To request a quote for one of our Digital Pump Stroke Counter Systems please click here or send an email which includes the options that meet the needs for you installation to sales@poorboysinstrument.com. Please do not send any non-public personal information. Please allow two business days for a response.

The SK-8Y2X series alloy film sensor consists of an ion-beam sputtering alloy film sensor and a signal modulation circuit and is applicable to detection of fluid pressure, differential pressure or liquid level. The Sensor is made using the modern film equipment and etching technique. The sensor has unique technique and excellent performance and can stably run in severe environment. The liquid medium pressure/differential pressure acts on the corrosion resistant stainless steel elastic film to deform the film, as shown in the strain schematic diagram. An alloy film strain resistance comprising Wheatstone bridge has been made on the film. Film deformation changes the geometry and value of the resistance, and the bridge outputs corresponding electrical signals. The electronic circuit amplifies the bridge output signals and converts them into standard 4~20mA current signals for output.

We usually think and practice corresponding for the change of circumstance, and grow up. We aim at the achievement of a richer mind and body as well as the living for Mud Pump Stroke Counter Sensor, , , , Sincere cooperation with you, altogether will create happy tomorrow!

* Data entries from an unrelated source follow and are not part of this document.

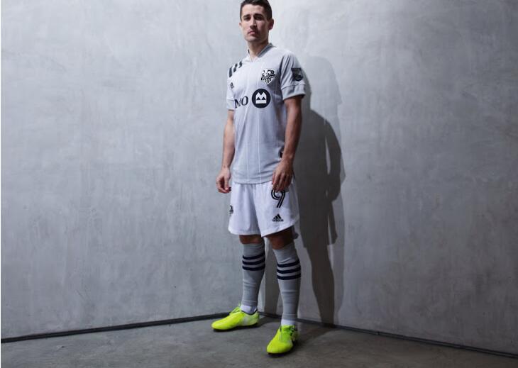 La nueva Camiseta de la 2ª equipación Montreal 2020 es principalmente gris oscuro, con detalles en blanco y negro. Las rayas blancas están presentes en la parte delantera de la nueva camiseta de fútbol 2020 2020 de Impact de Montréal, mientras que el cuello y los puños también son blancos. Las 3 rayas en el hombro derecho, así como los dos logotipos en el cofre, son negros.
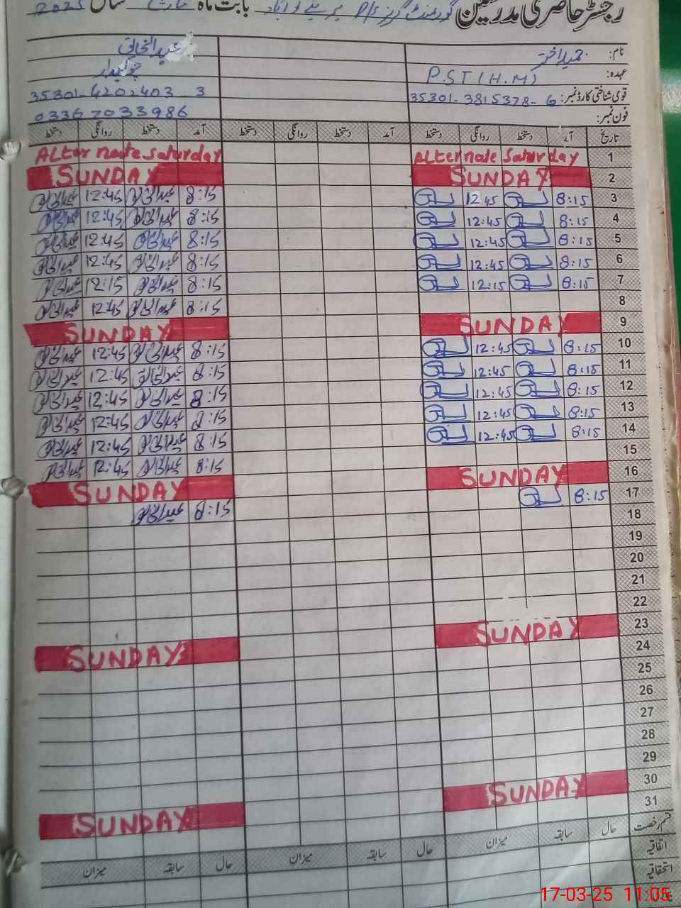 | CNIC | Full Name | Designation | R/C | Absence During Last Calender Month |
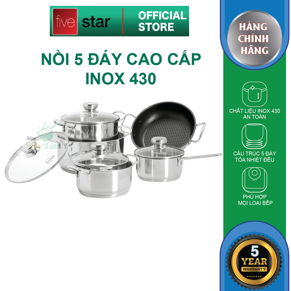 ✨Bộ Nồi 5 Đáy Cao Cấp Bếp Từ Fivestar FSB55D001 Nắp Kính Inox 430 ( 1 quánh16cm x N18cm x N20cm x N24cm x C 24cm ) , tặng 1 vá canh
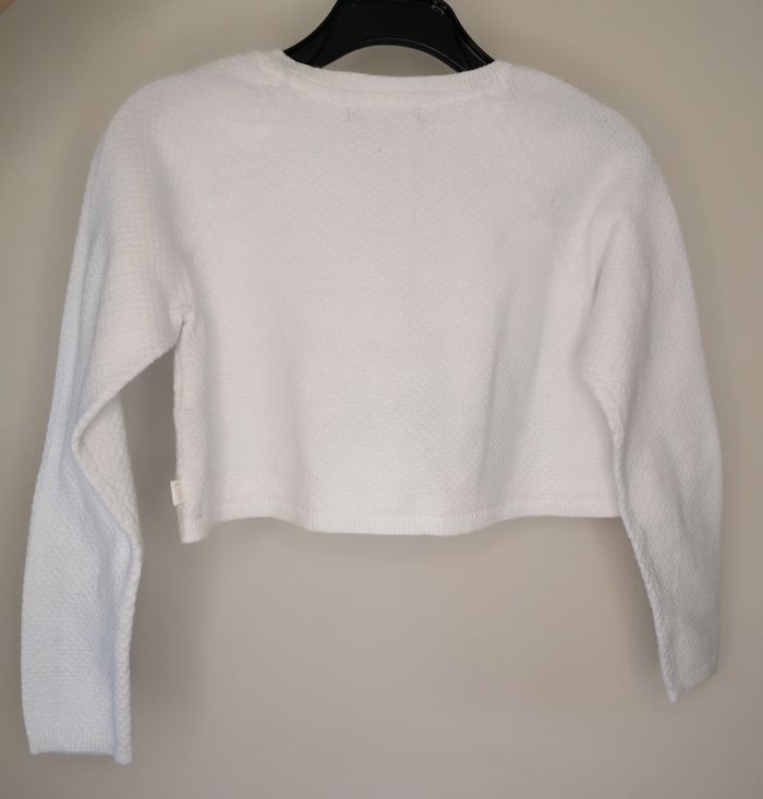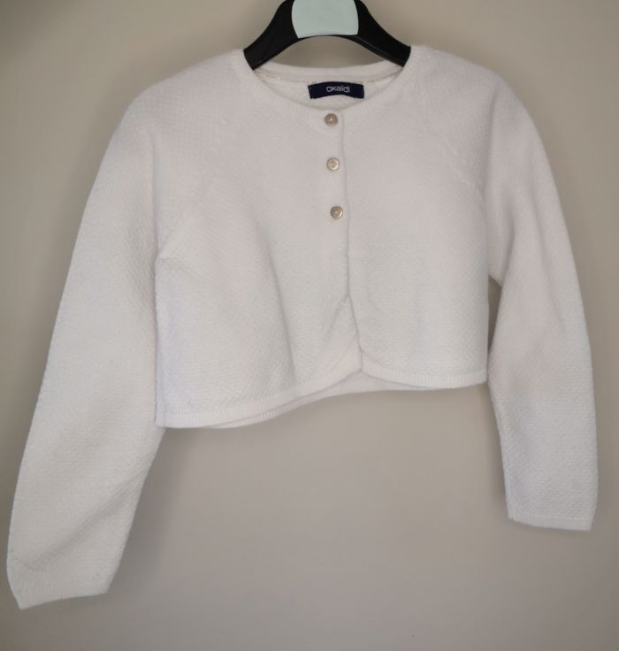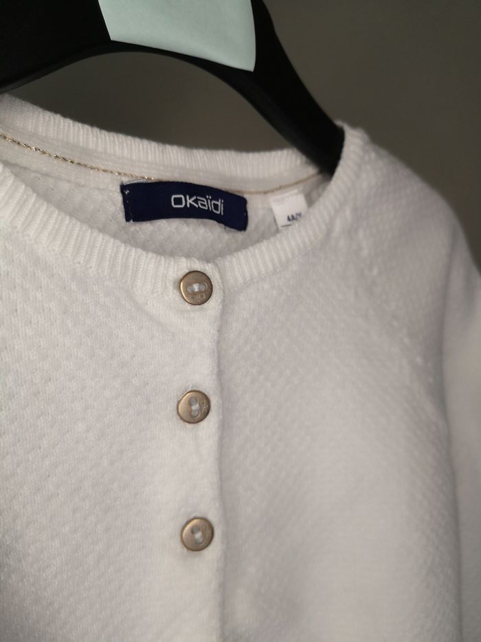 Gilet manches longues blanc avec boutons. Marque "Okaïdi", taille 4 ans. Très bon état.
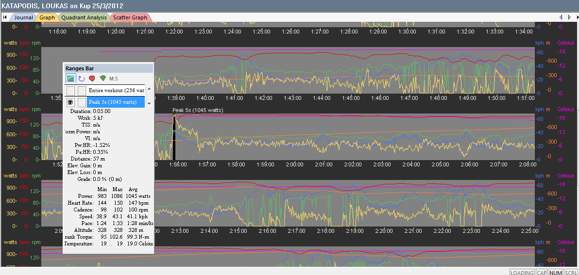 Στο γράφημα 1. φαίνεται η συνολική εικόνα της φυσικής μου κατάστασης με κύριο γνώμονα το μέσο όρο της ισχύος που εφάρμοσα στα 328w NP για 1h.52΄. Στην ουσία ποδηλάτισα στο 96.4% του Αναερόβιου Κατωφλιού μου για τον παραπάνω αντίστοιχο χρόνο και αυτό με τη σειρά του μεταφράζετε σε ένα πάρα πολύ καλό και αξιόπιστο Fitness για την εποχή.
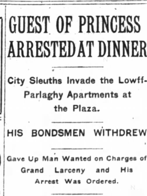 Guest of Princess Arrested at Dinner
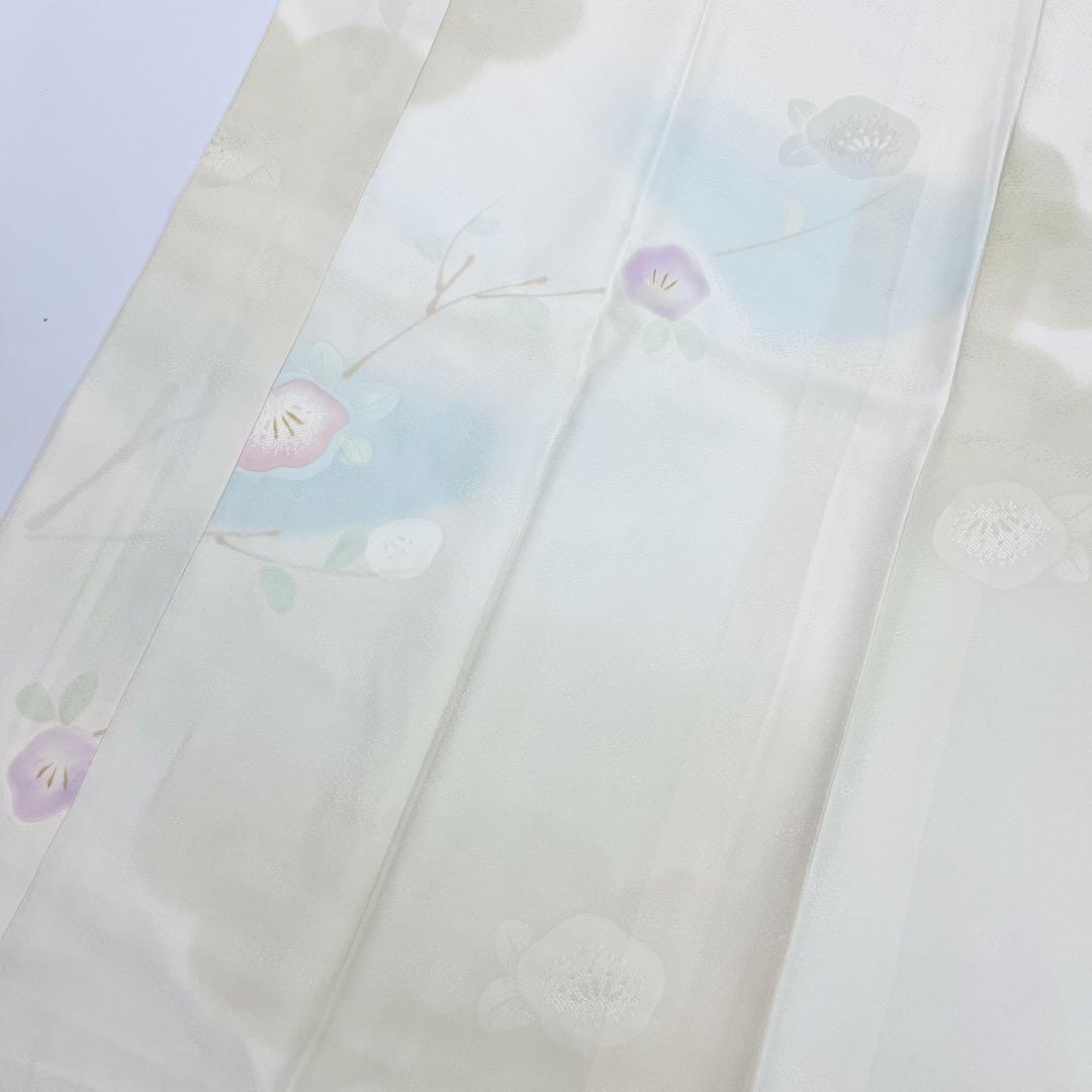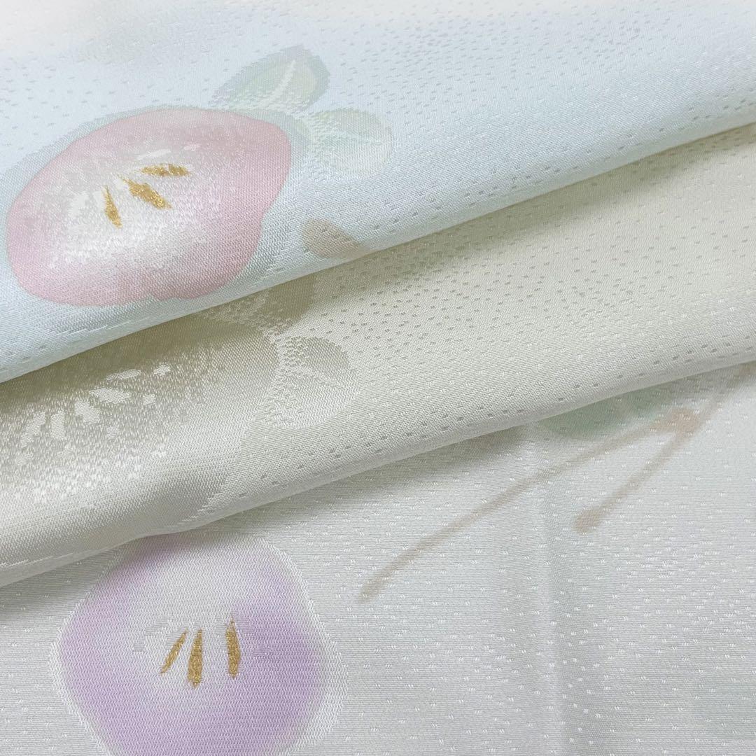 白百合色ベースの品のあるお色味に牡丹草木染、暈し染の淡いお色味の椿の花に雲模様がデザインされた素敵な柄裄のお品でございます。

Acadiana Pump Stroke Counter or Rate Meter Displaying both the total number of strokes and the strokes per minute for two or three mud pumps (up to 1,024 strokes per min per pump), the  Acadiana Oilfield Instruments’ pump stroke counter has easy to use push buttons for resetting the pump count. Built-in a stainless steel design, this indicator will last in any environment.

The present invention relates in general to oilfield equipment and in particular to the measurement of a recurring event. A preferred embodiment of the invention relates to equipment for the oil and gas drilling and production industry and particularly to an event sensor for rotary or reciprocal oilfield machinery.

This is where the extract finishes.